Мать бесшумными шагами ступала по комнатам, безучастная, скорбная, сраженная горем. Она тихо, безропотно угасала на глазах Тани, как угасает догоревшая свеча. И осталась Таня одна, девочка-вдова; жила, будто затаив в себе крик отчаяния и боли. С осени она стала учиться в институте, вела себя подчеркнуто строго, чем и вызывала снисходительные улыбки подруг.
Практику Таня проходила в кузнице завода, где и подружилась с Елизаветой Дмитриевной, которая относилась к ней с материнской нежностью и вниманием. Алексей Кузьмич насмешливо-любовно именовал Таню вдовой.
Однажды во Дворце культуры Таня познакомилась с инженером соседнего завода, скромным на вид, приятным человеком. Они ходили в театр, кино; Таня как будто увлеклась им всерьез. Но однажды инженер пригласил ее на вечеринку к приятелю. Их посадили за стол рядом, и тут Таня с ужасом увидела, что перед ней другой человек. Напившись, он напирал грудью на ее плечо и, обдавая водочным духом, хвастался: какой он замечательный и незаменимый работник на заводе, насколько он умнее всех в цехе, как независимо он ведет себя с начальством, как с ним считается сам директор… А не ставят его на высшую должность только потому, что завидуют ему… Он лениво облизывал губы, подымал брови и морщил потный лоб, чтобы поддержать налитые хмелем веки; лицо, расплываясь, таяло и лоснилось, как масленый блин; в одной руке он держал вилку зубьями вверх, другой, горячей и липкой, касался руки Тани.

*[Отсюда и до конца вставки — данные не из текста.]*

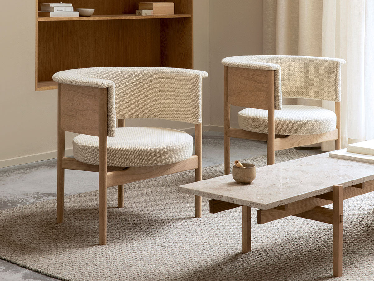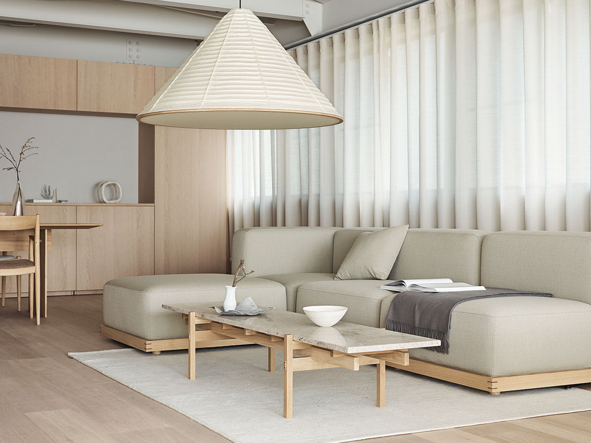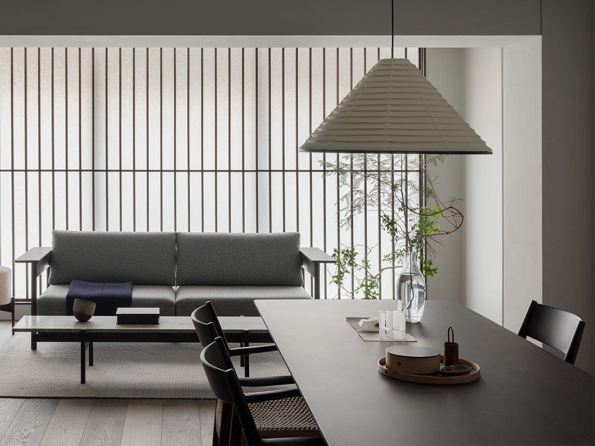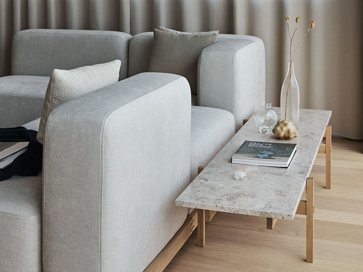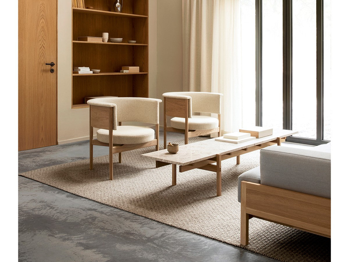 寺社仏閣や伝統的な建築に見られる多くのファサードや戸口を基にした構造が特徴的なローテーブル。緻密に組み合わされた複数の木製のパーツが、平行を保ちながらも、意図的に空間を生み出し、外観にある種の軽さを与えています。様々な要素の間に差し込む光が、有機的で生き生きとした表情を添えます。ストーントップは、デンマークの有名デザイナー、ポール・ケアホルムによるミニマリズム・デザインを参照しています。寺院など日本の伝統建築にみられる門や戸からイメージされた脚部は、限界まで細いパーツで構成されています。脚の木製パーツはそれぞれ隙間をあけることで光の通り道をつくり、床に映し出される影が、時間と共に空間に変化をつくり出します。組立金具を表面に露出させない日本の伝統的な建築技法を取り入れることで、美しさにこだわるとともに、重量のある大理石を支えるための高い強度を両立させました。天板はイタリア産の天然大理石。堆積岩を採用することで貝殻化石など様々な模様が生み出す多様なデザイン性が特徴。水磨きのマット仕上げを施し、自然な風合いを保ちながら耐水性を高めています。大理石天板の裏面には飛散防止のメッシュシートを採用。滑り止めのクッションと脚から続く木枠で挟み込み、安全性にも配慮しています。

Она едва досидела до конца. Когда они вышли на улицу и он хотел поцеловать ее, Таня оттолкнула его и убежала.
По окончании института, когда Таня осталась работать в конструкторском бюро, за ней стал ухаживать Иван Матвеевич Семиёнов, неистощимо внимательный, ровный, приятно услужливый, со скептическим складом ума. Несмотря на то, что ему было под сорок, он оставался холостяком. Волосы его, отступив со лба, начинались на темени и, пышно взбитые, шелковистые, стояли над затылком, подобно нимбу, виски несколько вдавлены и от этого лоб выпукло нависал над лицом с ястребиным носом.
Как-то раз, прохаживаясь с ним по саду «Эрмитажа», его излюбленному месту гулянья, Таня полюбопытствовала:
— Иван Матвеевич, почему вы не женитесь?
Он ответил с шутливой торжественностью:
— Не могу найти человека, которому я без опаски мог бы вручить свое замечательное сердце.
Таня лукаво прищурилась и усмехнулась:
— Просто вы трусите. Сознайтесь…
— Может быть, и так, — согласился он. — Храбрецов в этом деле не поощряю. И вообще горячность и агрессия в отношениях кончаются слишком трагично, в большинстве случаев для женщин. А женщине мы обязаны поклоняться как непревзойденной красоте земли, — так, кажется, учат нас классические книги? — И он тихонько погладил руку Тани, лежавшую на сгибе его локтя.
Тане было спокойно и уютно с ним, он подкупал ее вниманием, зрелым житейским опытом и знаниями. Он ничего от нее не требовал, не лез целоваться…
Комната Семиёнова была увешана клетками с птицами. Впервые придя сюда, Таня была поражена веселым птичьим хором; очарованная, недвижно сидела она, следя за неугомонной жизнью пернатых пленников: чижей, синиц, щеглов, попугаев и канареек. Стоял конец апреля, в окно светило солнце, и птички вели себя особенно неспокойно.
— Скучно-то им, наверное, бедненьким, — пожалела Таня, вздохнув.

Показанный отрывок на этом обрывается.